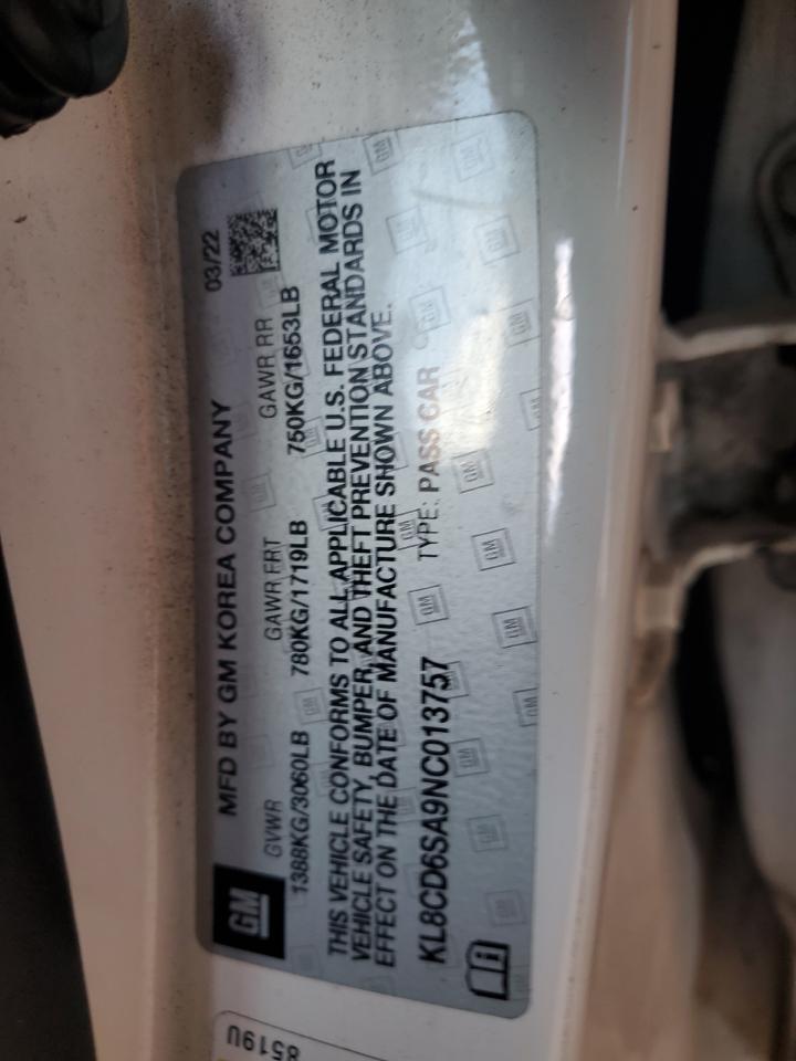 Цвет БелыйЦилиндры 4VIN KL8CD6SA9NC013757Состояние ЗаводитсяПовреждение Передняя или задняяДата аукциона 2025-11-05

---

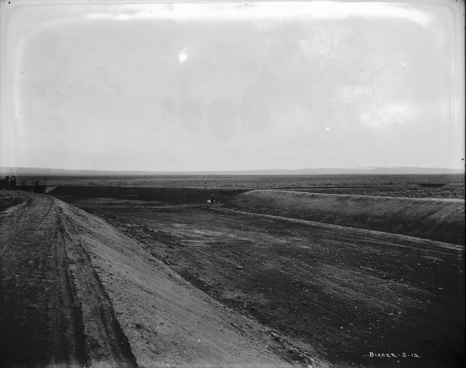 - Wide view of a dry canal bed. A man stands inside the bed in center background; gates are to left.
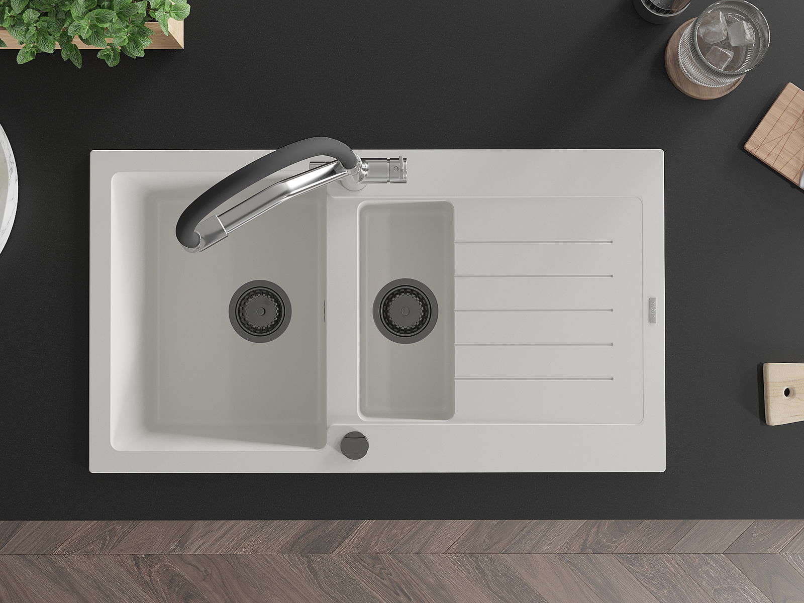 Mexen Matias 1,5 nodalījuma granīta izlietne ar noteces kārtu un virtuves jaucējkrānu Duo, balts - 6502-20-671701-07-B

--

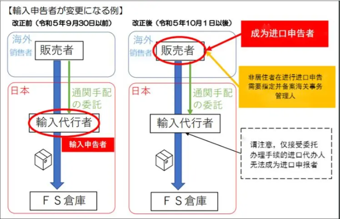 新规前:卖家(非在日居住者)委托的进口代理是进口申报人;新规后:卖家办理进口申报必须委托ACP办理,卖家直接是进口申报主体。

» **PROBLEM**: The output is the stretch above from the line with "- Wide view" through the line with "Mexen Matias 1,5", copied word for word with both ends kept and every picture dropped.

» **REPLY**:
 - Wide view of a dry canal bed. A man stands inside the bed in center background; gates are to left.
 Mexen Matias 1,5 nodalījuma granīta izlietne ar noteces kārtu un virtuves jaucējkrānu Duo, balts - 6502-20-671701-07-B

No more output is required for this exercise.